A mild rash may occur in < 5% of vaccinated adults in the six weeks following vaccination. Staff with a generalised rash should be excluded from care of high-risk patients for the duration of the rash. More commonly, a localised minor rash should pose little risk of transmission, particularly if it can be covered. Discussion with an infectious diseases physician or infection control department, with consideration of the type of patient contact the HCW would have will help guide the decision to redeploy. The vaccine strain is not transmitted via the respiratory route.


Varicella is a common viral illness in the community, with a significant impact on non-immune pregnant women and their babies. Nosocomial transmission is a potentially controllable occurrence and staff should be aware of their immune status. Women of child-bearing age should also be aware of their serostatus and be offered the varicella vaccine when appropriate.

Case scenario

Busy antenatal clinics and general practice waiting rooms are high-risk areas for transmission of infections. Recently, an antenatal patient in the early stages of varicella sat in a waiting area with antenatal and oncology patients for one hour. Follow up of 105 patient contacts was required, with 26 needing serological testing because of uncertain varicella history. Four patients (three pregnant and one postnatal) required ZIG as they were not immune.

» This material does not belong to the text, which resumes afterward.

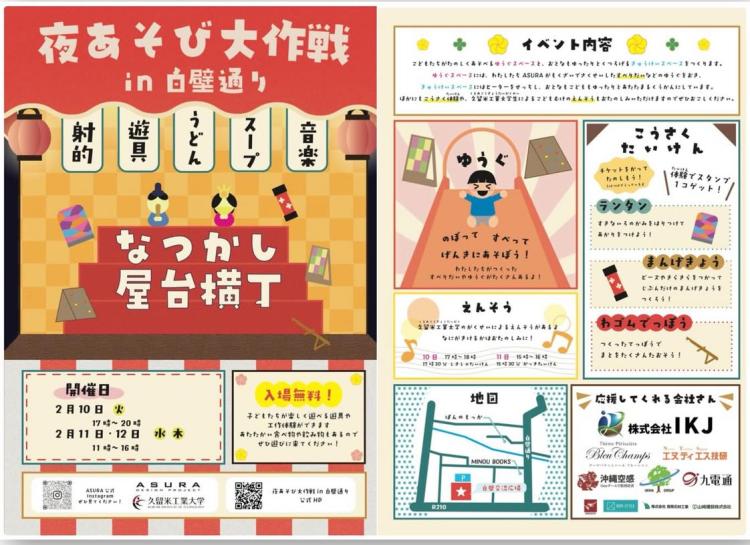 白壁交流広場では、久留米工業大学の学生が企画した『なつかし屋台横丁』が2月10日(火)から12日(木)までオープン!子どもたち用の遊具スペースには、大学生が手作りしたすべり台などの遊具がたくさん並び、万華鏡やランタン、輪ゴム鉄砲の工作体験(100円~)ができます。大人向けの休憩スペースもありますよ♪大学生による演奏を聞きながら、親子でゆっくりしませんか?
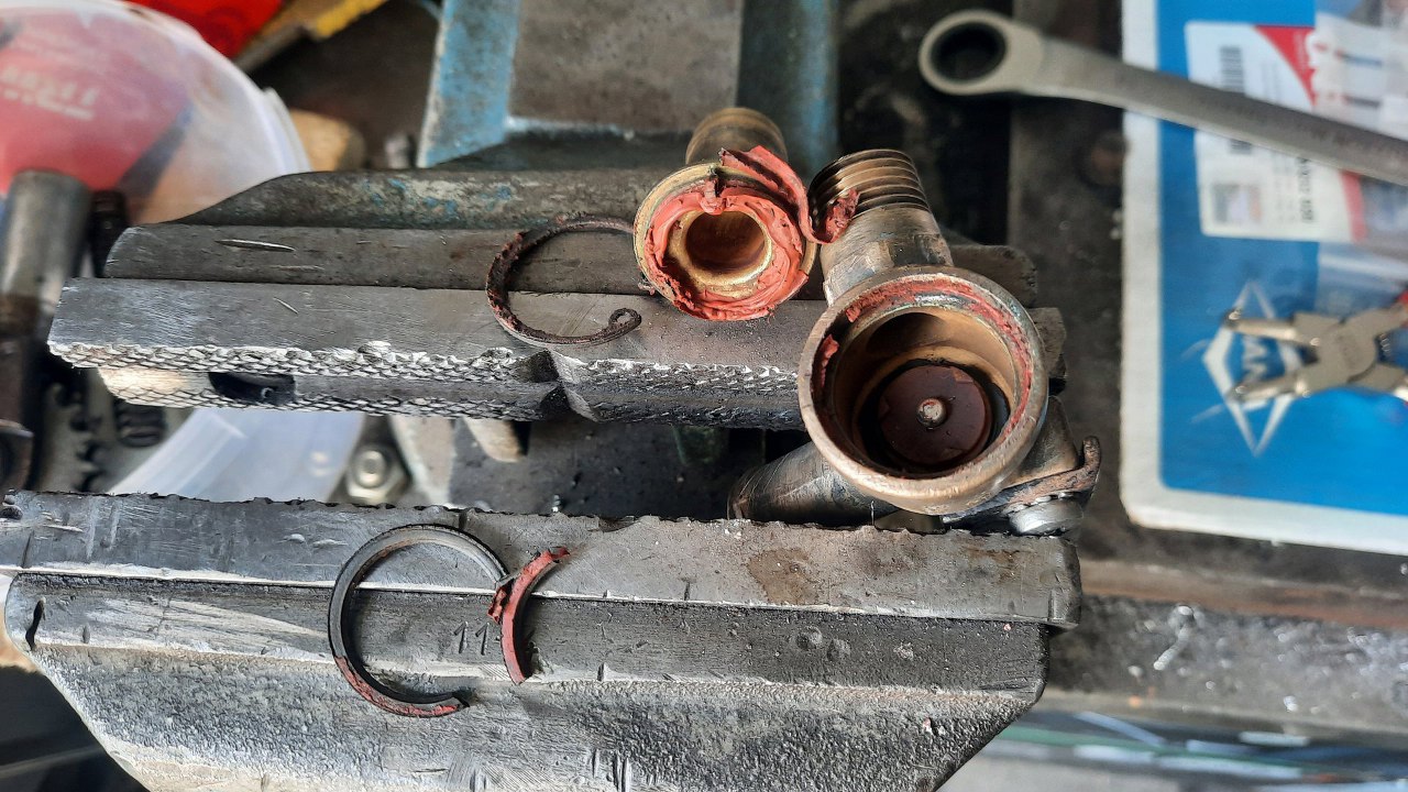 Zanim jednak je przykręcę, muszę założyć jeszcze rurkę chłodzenia. Do przykręcenia jej są potrzebne cybanty. Akurat były nawet przy niej oryginalne, fordowskie. Tyle, że nie pasowałyby do silnika po remoncie.

This incident caused unnecessary anxiety for many patients, especially those pregnant or visiting babies in the neonatal unit and those with neoplasias. Significant staff time was also required from infection control, infectious diseases, laboratory services, outpatient department ward clerks and interpreter services. This situation was avoidable as a patient with a rash should have been triaged to a separate room, rather than be allowed to sit in a busy waiting area with other patients.

It is important that reception and triage staff are aware of the risk and impact that varicella can have. The presentation of any patient or visitor to the hospital or clinic with a rash should trigger immediate clinical assessment and appropriate isolation if required.